Quite a few people in the modern economy have to directly interact with customers as part of their job. Workers at retail stores and restaurants may have to guide customers through their shopping experience and attempt to do it with a smile on their face no matter how demanding, unkind or creepy the customer is.

Unfortunately, some customers will use their position of perceived authority or power over customer service workers to abuse and harass the service professionals taking care of them. Whether you are the cashier at a bookstore, a bartender on a Friday night or a server at an upscale restaurant, you should not have to endure sexual harassment from customers as part of your job.

What does customer sexual harassment look like?

Some people are blatantly overt in their harassment of service workers. They may make rude and suggestive jokes at the expense of the worker.
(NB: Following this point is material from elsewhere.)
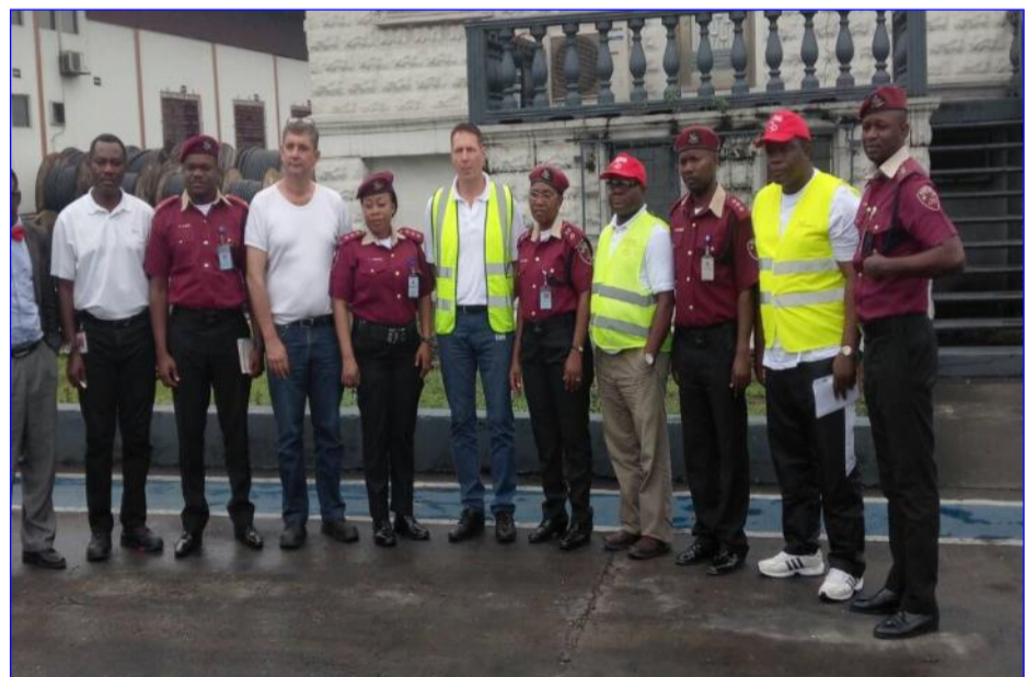
Group photograph of Management staff and the team from Lagos State unit of FRSC

They may attempt to solicit flirtation or sexual favors, or comment on that person’s appearance and body.

Some individuals, especially those under the influence of alcohol, may even progress to sexual assault, slapping, grabbing or pinching someone or one of their body parts. Customers may feel a sense of entitlement because they chose to pay for services and might leave a tip afterward.

Workers should not have to endure or ignore such behavior. Instead, they should be able to rely on management to take their side when customers cross the line.

Companies have an obligation to provide a safe work environment 

Being proactive about sexual harassment doesn’t just mean having employees go through training about what sexual harassment looks like and allowing staff members to report management and co-workers for misbehavior. It also means acknowledging that customers and clients do participate in harassment and inappropriate behavior.

Companies should step in to end harassment, possibly asking customers to leave if they won’t behave themselves. Management should not put short-term income or sales ahead of the long-term security and health of their workers.

If you have reported customer sexual harassment to your employer and they have refused to take action, or worse, fired you for your complaints, you may have the right to hold your employer accountable for their failure to protect you.